Acquisition-related contingent consideration obligations
The Company estimates the fair value of acquisition-related contingent consideration obligations by applying an income approach model that utilizes probability-weighted discounted cash flows. The Company acquired FruitSmart, Inc.("FruitSmart") in fiscal year 2020 and recognized a contingent consideration liability of $6.7 million on the date of acquisition. Each period the Company evaluated the fair value of the acquisition-related contingent consideration obligations. During the year ended March 31, 2021, the evaluation resulted in the reduction of $4.2 million of contingent consideration of the original $6.7 million liability recorded. During the year ended March 31, 2022, an evaluation of the contingent liability resulted in a reduction of the remaining $2.5 million contingent liability recorded. Significant judgment is applied to this model and therefore the acquisition-related contingent consideration obligation is classified within Level 3 of the fair value hierarchy.

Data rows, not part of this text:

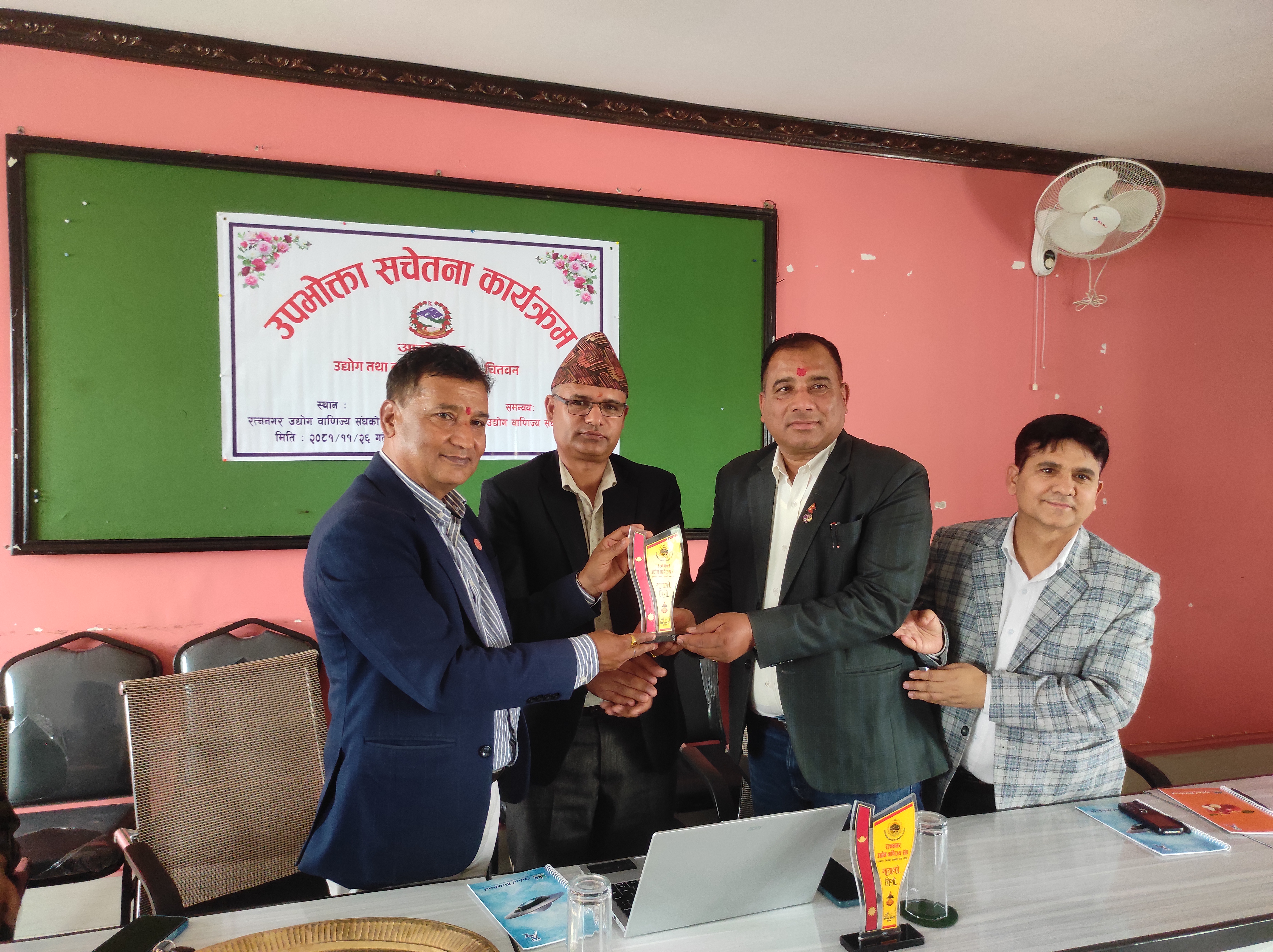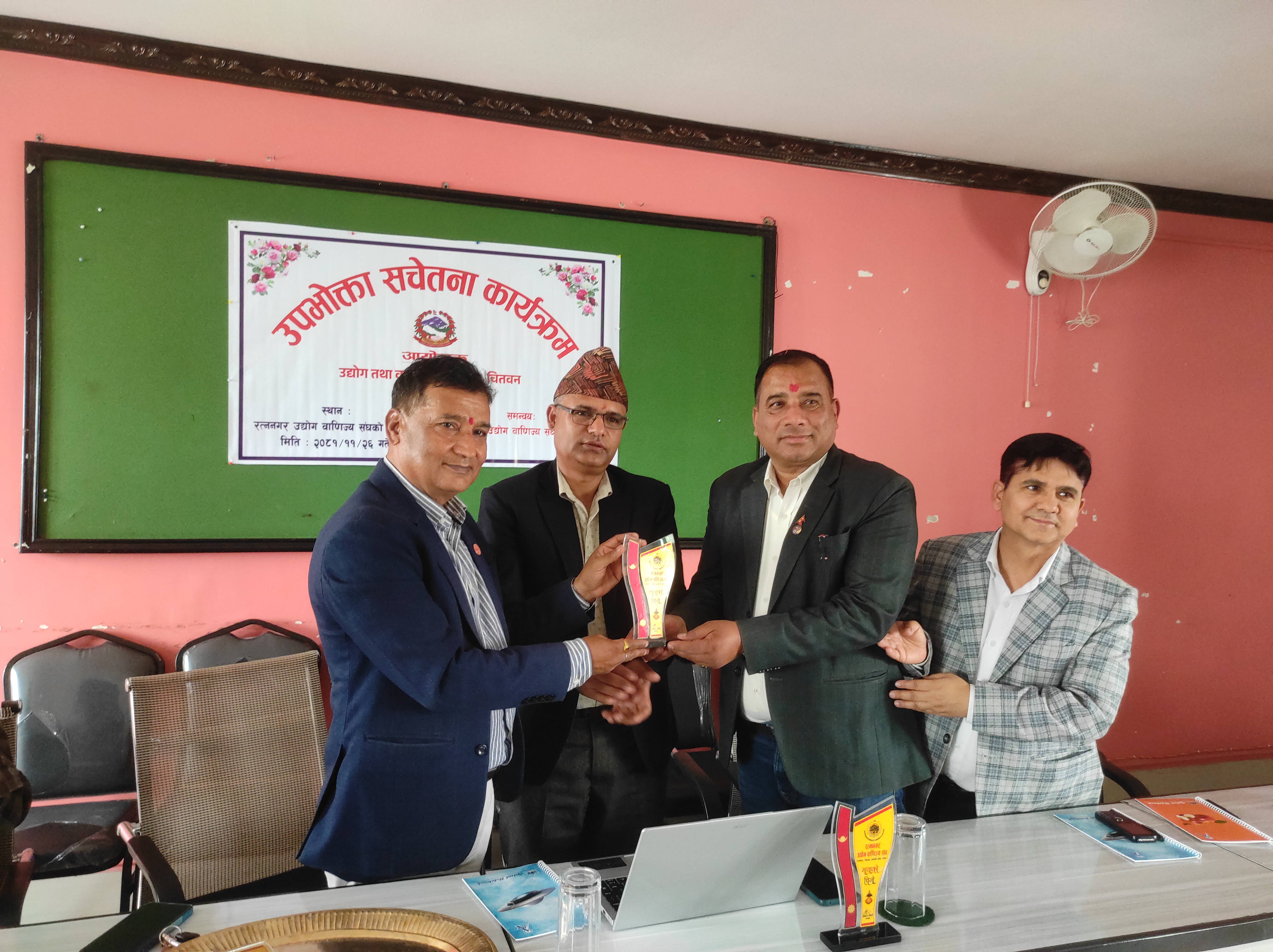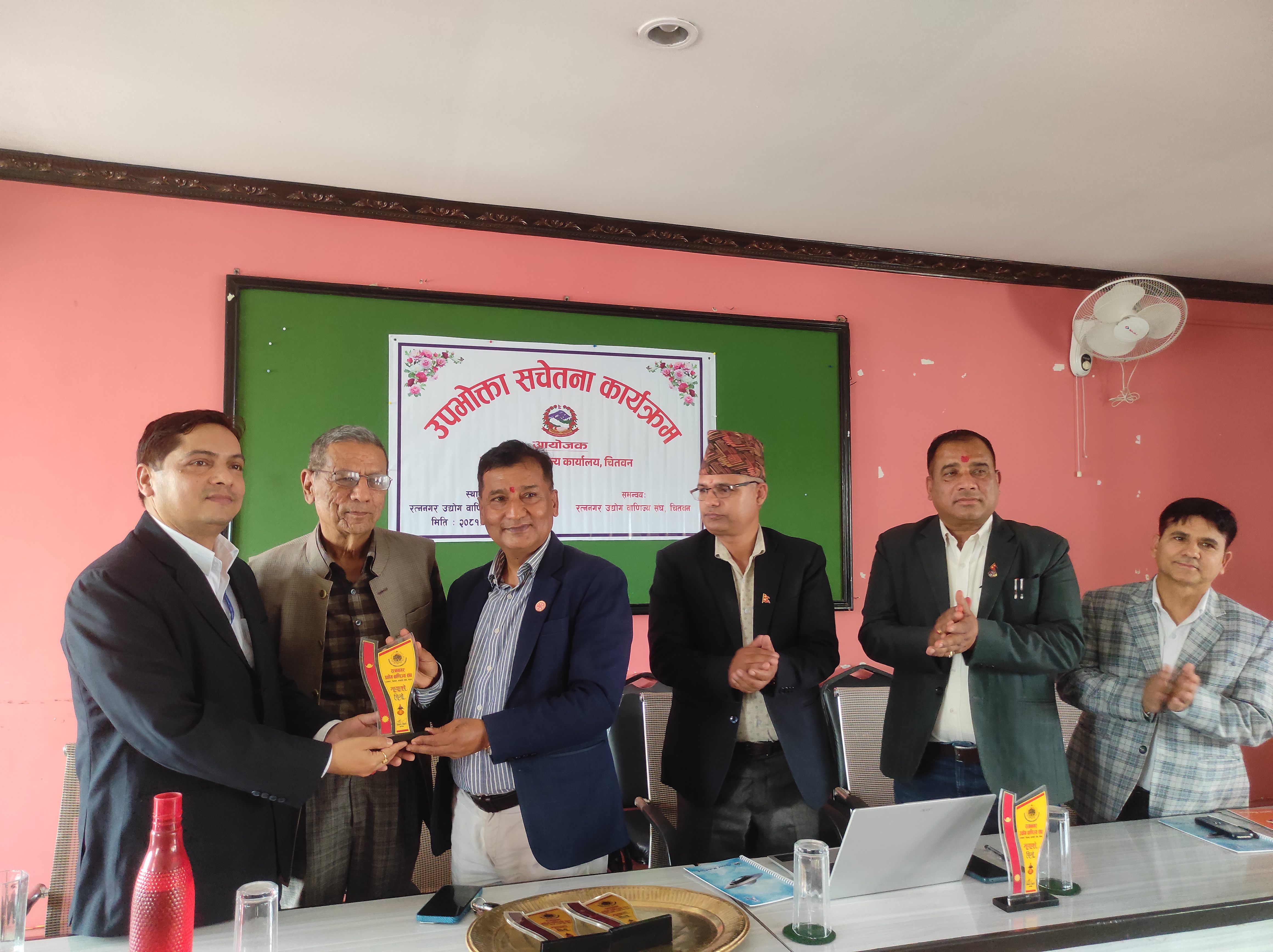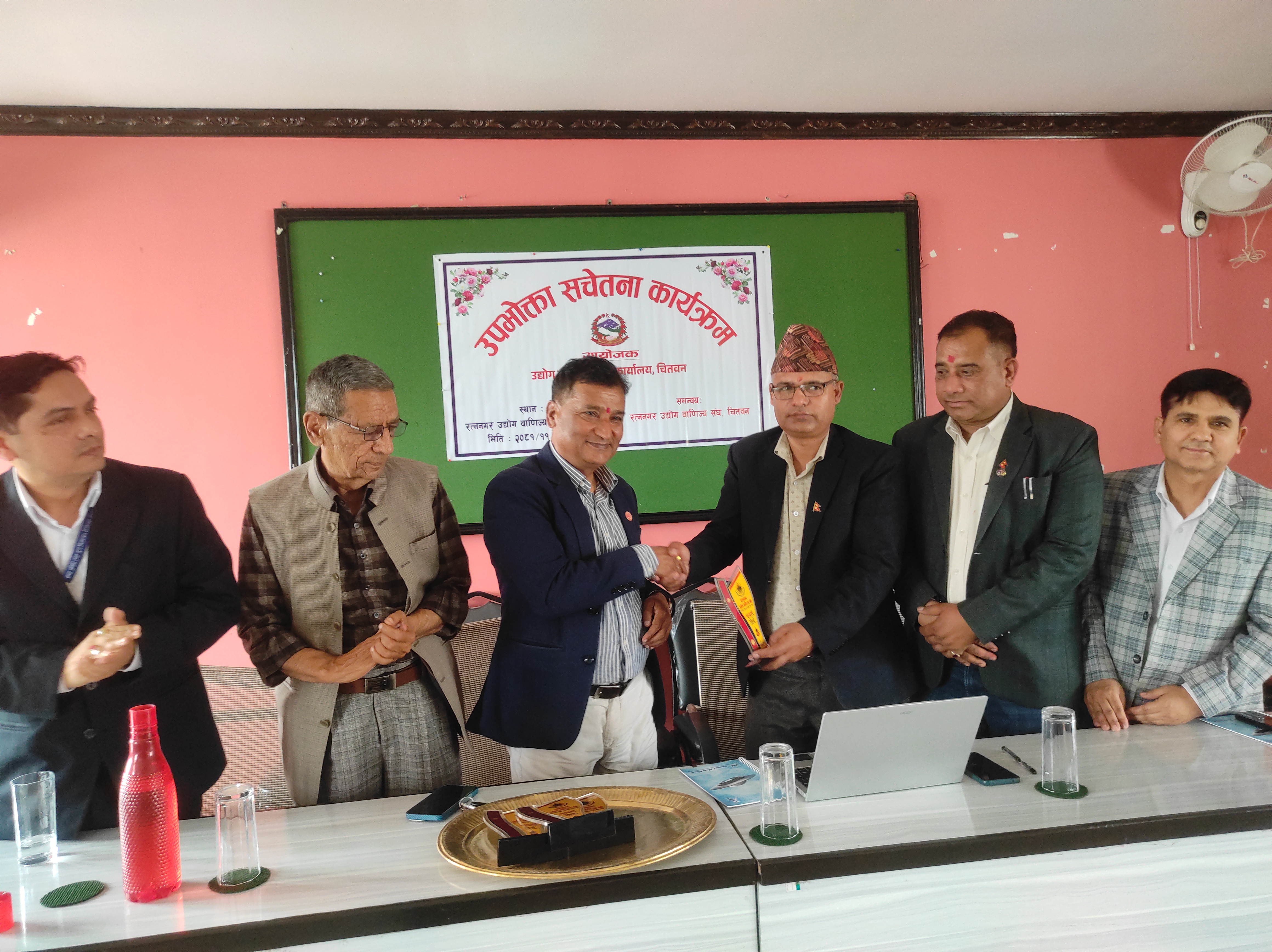 २०८१ साल फागुन २६ गते, सोमबार, रत्ननगर उद्योग वाणिज्य सङ्घको सभाहलमा उद्योग तथा वाणिज्य कार्यालय,चितवनका प्रमुख उद्योग अधिकृत विनोद पौडेलज्यूको अध्यक्षतामा तथा रत्ननगर उद्योग वाणिज्य सङ्घ,चितवनको समन्वयमा उपभोक्ता सचेतना कार्यक्रम सफलतापूर्वक सम्पन्न भयो।
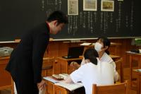 2年 国語「インタビュー」 中学校の先生の話をメモを取りながら聞いた後、質問をしています。
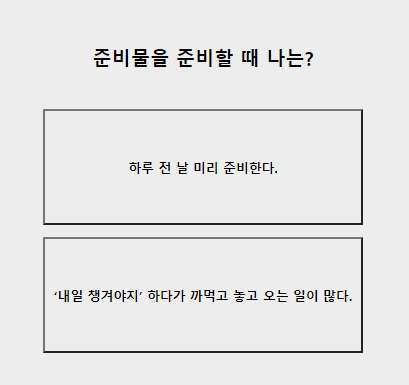 10. 준비물을 준비할때? 하루전날 미리 준비 / 내일챙겨야지 하다가 까먹는다
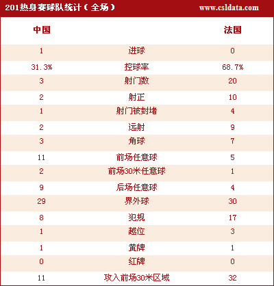 随比赛深入,中国队已是防守反击态势,法国队阵型则持续前压。第27分钟,马卢达斜传中国队禁区中路,阿内尔卡胸停调整后攻门打高。1分钟后里贝里左侧摆脱传中,荣昊及时协防将球断下,并准确前传右翼空档,在曲波快速前插同时,法国队门将洛里斯冲出禁区将球破坏。第31分钟,古尔库夫中路摆脱后大力低射被曾诚侧扑拦截。3分钟后法国队右侧角球传至中国队禁区中路,加拉头球攻门稍顶偏。
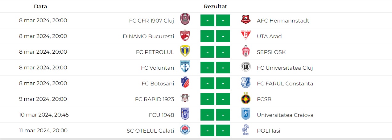 “LPF a programat vineri, 8 martie, 5 meciuri. Toate se vor juca de la aceeași oră, având în vedere implicările pentru stabilirea clasamentului final. Pe site-ul Ligii, partidele au ora de start 20:00, dar pot exista modificări viitoare. La fel și în cazul celorlalte partide.”, a transmis LPF.
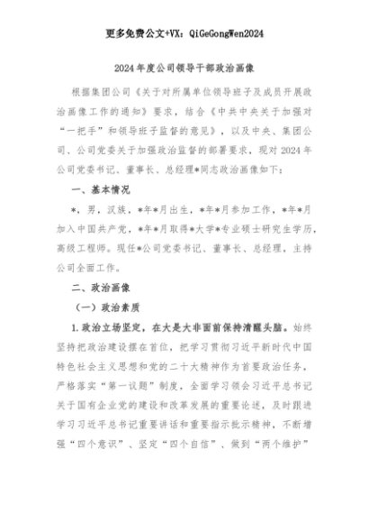 【七哥公文】2025年:2024年度公司领导干部政治画像+更多免费公文+VX:QiGeGongWen2024+更多免费公文+VX:QiGeGongWen2024
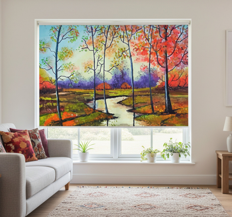 Living room roller blind colorful spring trees modern art
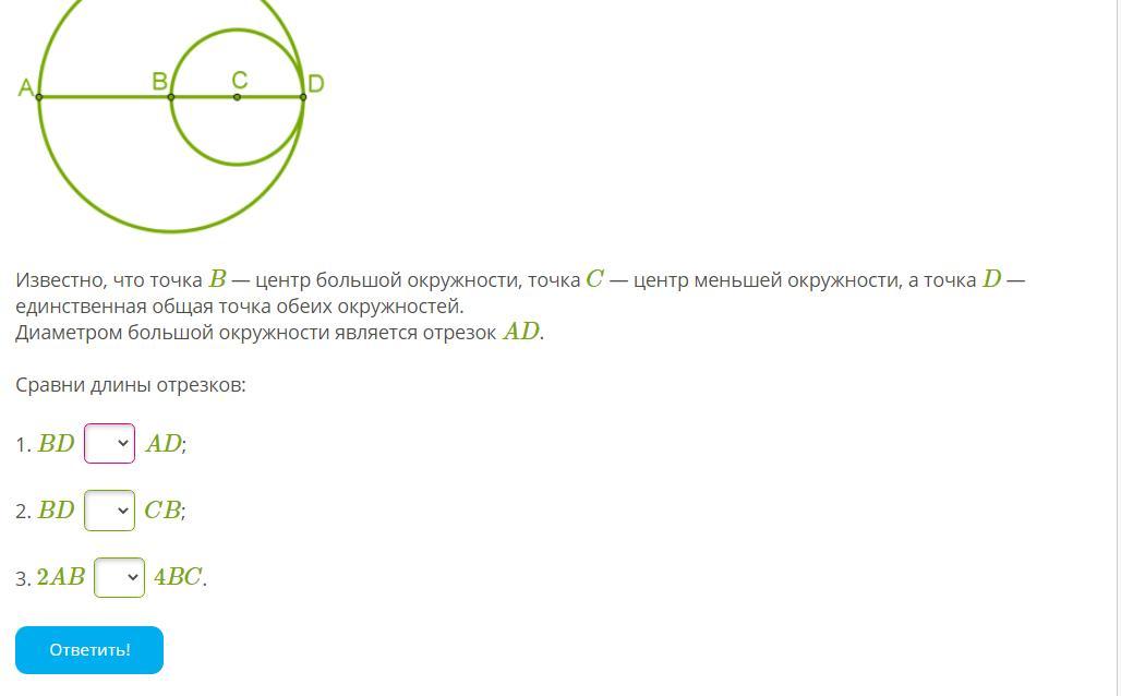 Известно, что точка B — центр большой окружности, точка C — центр меньшей окружности, а точка D — единственная общая точка обеих окружностей.
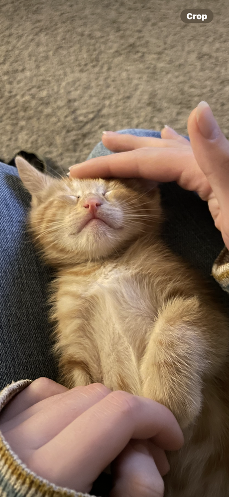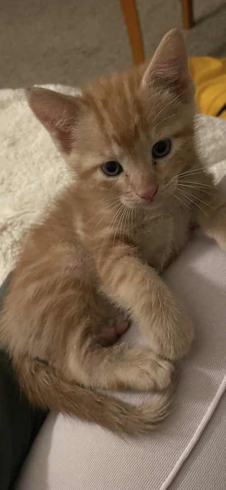 One boy left. Orange striped and super cuddly!. 7weeks old

A reconciliation of the change in the balance of the acquisition-related contingent consideration obligation (Level 3) for the fiscal years ended March 31, 2023 and 2022 is provided below.
Fiscal Year Ended March 31,
20232022
Balance beginning of year$— $2,532 
Change in fair value of contingent consideration liability— (2,532)
Balance at end of year $— $— 
Long-term Debt
The following table summarizes the fair and carrying value of the Company’s long-term debt, including the current portion at each of the balance sheet dates March 31, 2023 and 2022:
Fiscal Year Ended March 31,
(in millions of dollars)20232022
Fair market value of long term obligations$621 $517 
Carrying value of long term obligations$620 $520 
The Company estimates the fair value of its long-term debt using Level 2 inputs which are based upon quoted market prices for the same or similar obligations or on calculations that are based on the current interest rates available to the Company for debt of similar terms and maturities. See Note 9 for more information regarding long-term debt.
Nonrecurring Fair Value Measurements
Assets and liabilities that are measured at fair value on a nonrecurring basis primarily relate to long-lived assets, right-of-use operating lease assets and liabilities, goodwill and intangibles, and other current and noncurrent assets. These assets and liabilities fair values are evaluated for impairment when potential indicators of impairment exist. Accordingly, the nonrecurring measurement of the fair value of these assets and liabilities are classified within Level 3 of the fair value hierarchy.
Acquisition Accounting for Business Combinations
The Company accounts for acquisitions qualifying under ASC 805, "Business Combinations," which requires, among other things, that the assets acquired and liabilities assumed be recognized at their fair values as of the acquisition date. The fair values of consideration transferred and net assets acquired are determined using a combination of Level 2 and Level 3 inputs as specified in the fair value hierarchy in ASC 820, “Fair Value Measurements and Disclosures.” The Company believes that the fair values assigned to the assets acquired and liabilities assumed are based on reasonable assumptions. The significant assumptions used in determining the fair value include the discount rate and forecasted results (e.g., revenue growth rates and operating profit margins).
Long-Lived Assets
The Company reviews long-lived assets for impairment whenever events, changes in business conditions, or other circumstances provide an indication that such assets may be impaired.